### Problem to solve
Verbatim copy, images excluded: write out each record shown below.

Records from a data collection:

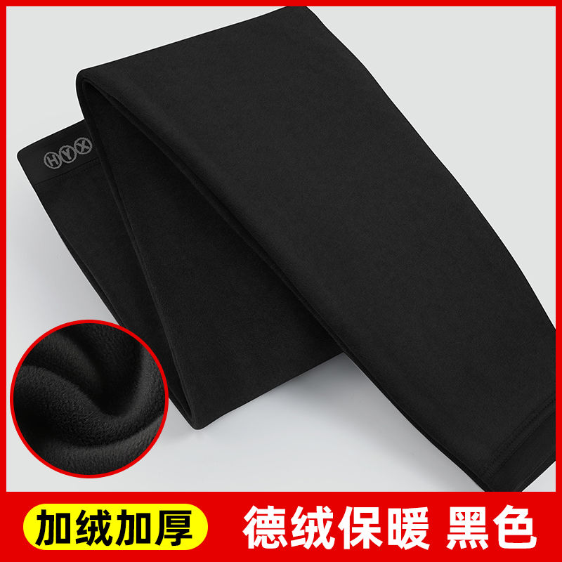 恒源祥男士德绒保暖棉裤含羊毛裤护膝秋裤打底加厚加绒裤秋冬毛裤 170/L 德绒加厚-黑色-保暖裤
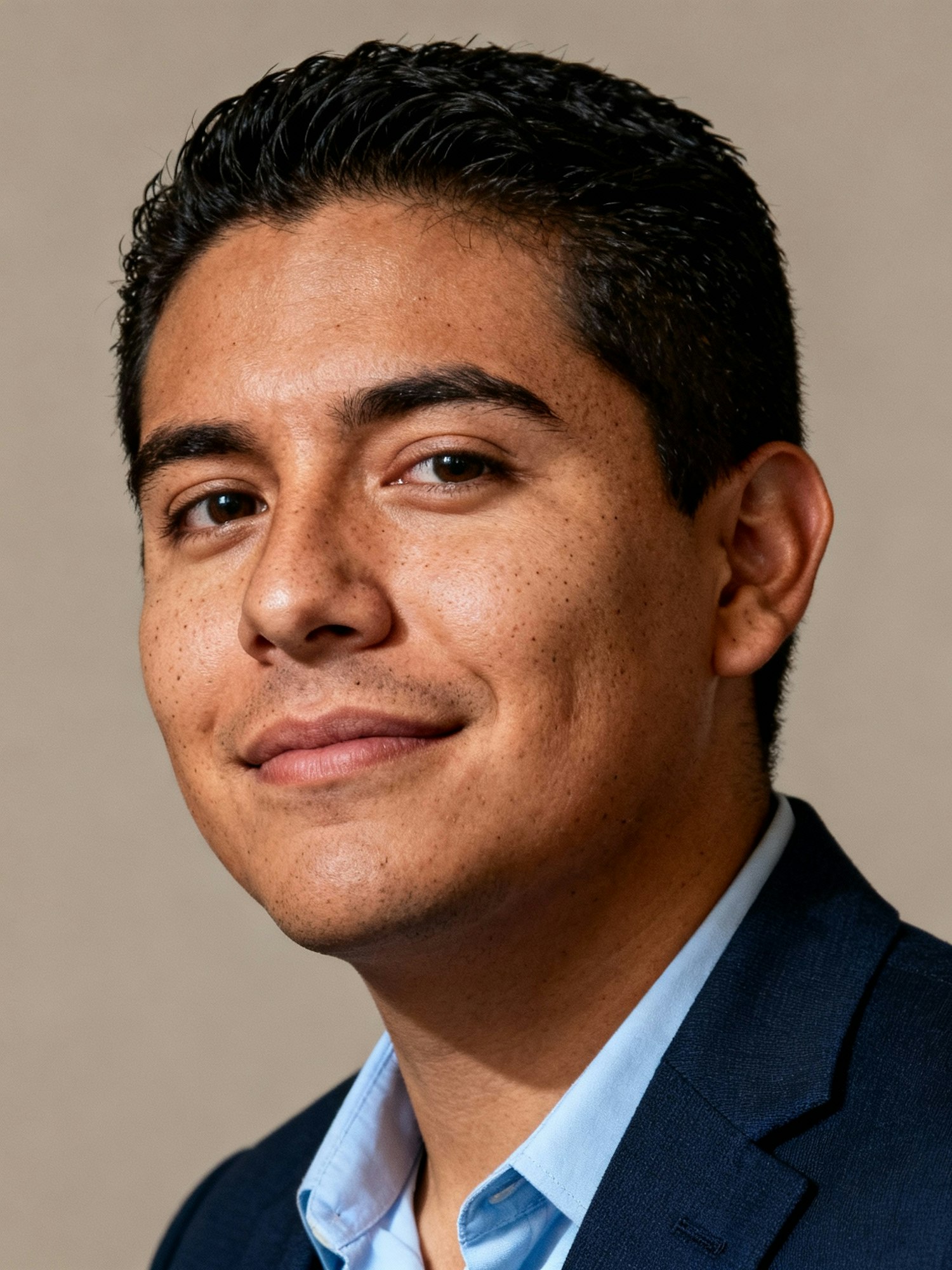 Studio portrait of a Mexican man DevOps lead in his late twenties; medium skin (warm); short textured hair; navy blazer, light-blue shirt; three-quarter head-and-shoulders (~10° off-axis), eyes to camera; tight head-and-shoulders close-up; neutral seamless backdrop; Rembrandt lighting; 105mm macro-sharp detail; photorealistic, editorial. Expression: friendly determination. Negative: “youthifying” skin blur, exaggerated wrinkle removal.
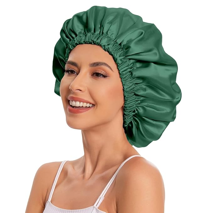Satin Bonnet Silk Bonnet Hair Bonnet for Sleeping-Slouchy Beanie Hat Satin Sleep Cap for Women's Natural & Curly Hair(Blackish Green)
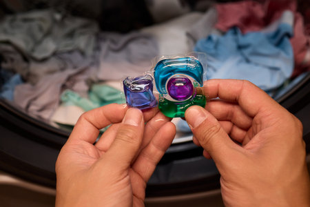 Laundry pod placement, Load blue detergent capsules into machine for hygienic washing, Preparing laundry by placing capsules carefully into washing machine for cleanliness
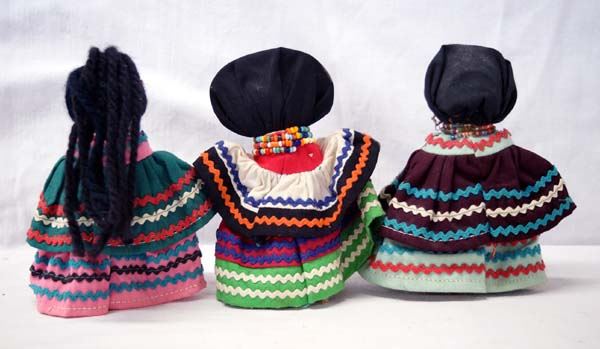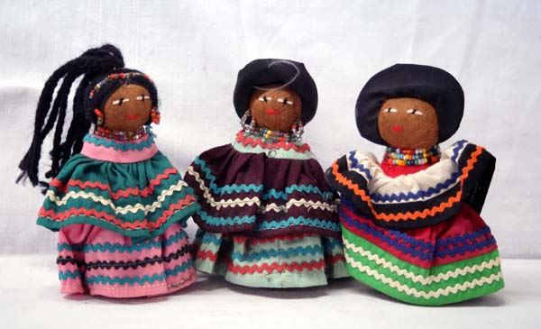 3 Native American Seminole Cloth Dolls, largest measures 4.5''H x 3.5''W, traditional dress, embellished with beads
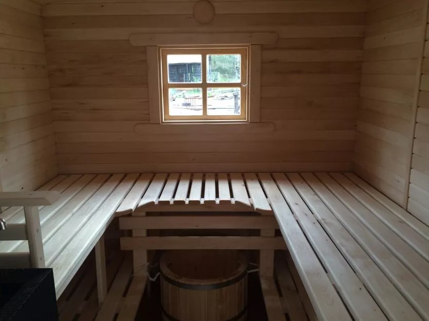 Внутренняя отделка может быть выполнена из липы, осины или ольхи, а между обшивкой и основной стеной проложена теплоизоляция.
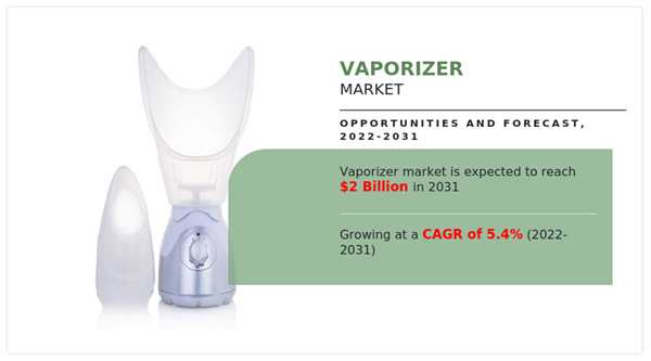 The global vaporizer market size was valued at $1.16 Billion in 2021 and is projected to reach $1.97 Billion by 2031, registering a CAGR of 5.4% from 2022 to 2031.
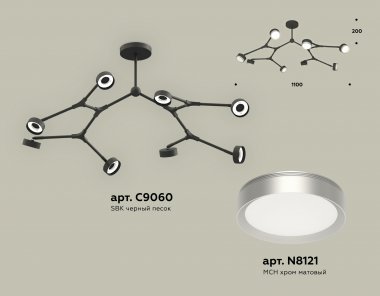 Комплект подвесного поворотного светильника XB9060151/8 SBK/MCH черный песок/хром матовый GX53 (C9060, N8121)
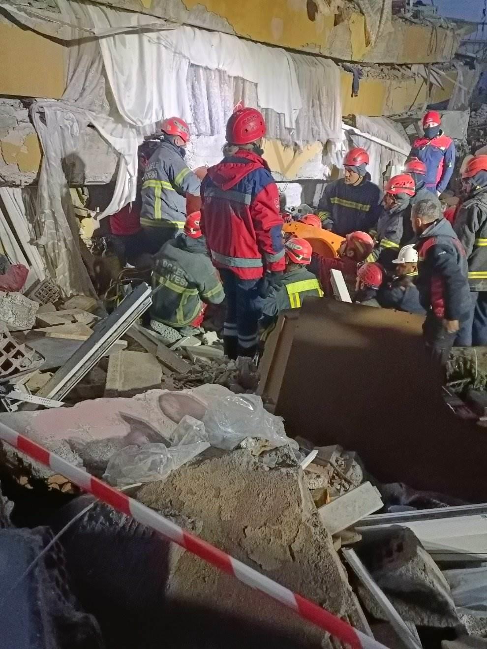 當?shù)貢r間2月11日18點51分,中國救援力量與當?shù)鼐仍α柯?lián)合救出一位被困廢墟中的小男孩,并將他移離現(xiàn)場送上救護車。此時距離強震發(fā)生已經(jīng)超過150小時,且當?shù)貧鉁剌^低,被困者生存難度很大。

### Your response
 恒源祥男士德绒保暖棉裤含羊毛裤护膝秋裤打底加厚加绒裤秋冬毛裤 170/L 德绒加厚-黑色-保暖裤
 Studio portrait of a Mexican man DevOps lead in his late twenties; medium skin (warm); short textured hair; navy blazer, light-blue shirt; three-quarter head-and-shoulders (~10° off-axis), eyes to camera; tight head-and-shoulders close-up; neutral seamless backdrop; Rembrandt lighting; 105mm macro-sharp detail; photorealistic, editorial. Expression: friendly determination. Negative: “youthifying” skin blur, exaggerated wrinkle removal.
Satin Bonnet Silk Bonnet Hair Bonnet for Sleeping-Slouchy Beanie Hat Satin Sleep Cap for Women's Natural & Curly Hair(Blackish Green)
 Laundry pod placement, Load blue detergent capsules into machine for hygienic washing, Preparing laundry by placing capsules carefully into washing machine for cleanliness
 3 Native American Seminole Cloth Dolls, largest measures 4.5''H x 3.5''W, traditional dress, embellished with beads
 Внутренняя отделка может быть выполнена из липы, осины или ольхи, а между обшивкой и основной стеной проложена теплоизоляция.
 The global vaporizer market size was valued at $1.16 Billion in 2021 and is projected to reach $1.97 Billion by 2031, registering a CAGR of 5.4% from 2022 to 2031.
 Комплект подвесного поворотного светильника XB9060151/8 SBK/MCH черный песок/хром матовый GX53 (C9060, N8121)
 當?shù)貢r間2月11日18點51分,中國救援力量與當?shù)鼐仍α柯?lián)合救出一位被困廢墟中的小男孩,并將他移離現(xiàn)場送上救護車。此時距離強震發(fā)生已經(jīng)超過150小時,且當?shù)貧鉁剌^低,被困者生存難度很大。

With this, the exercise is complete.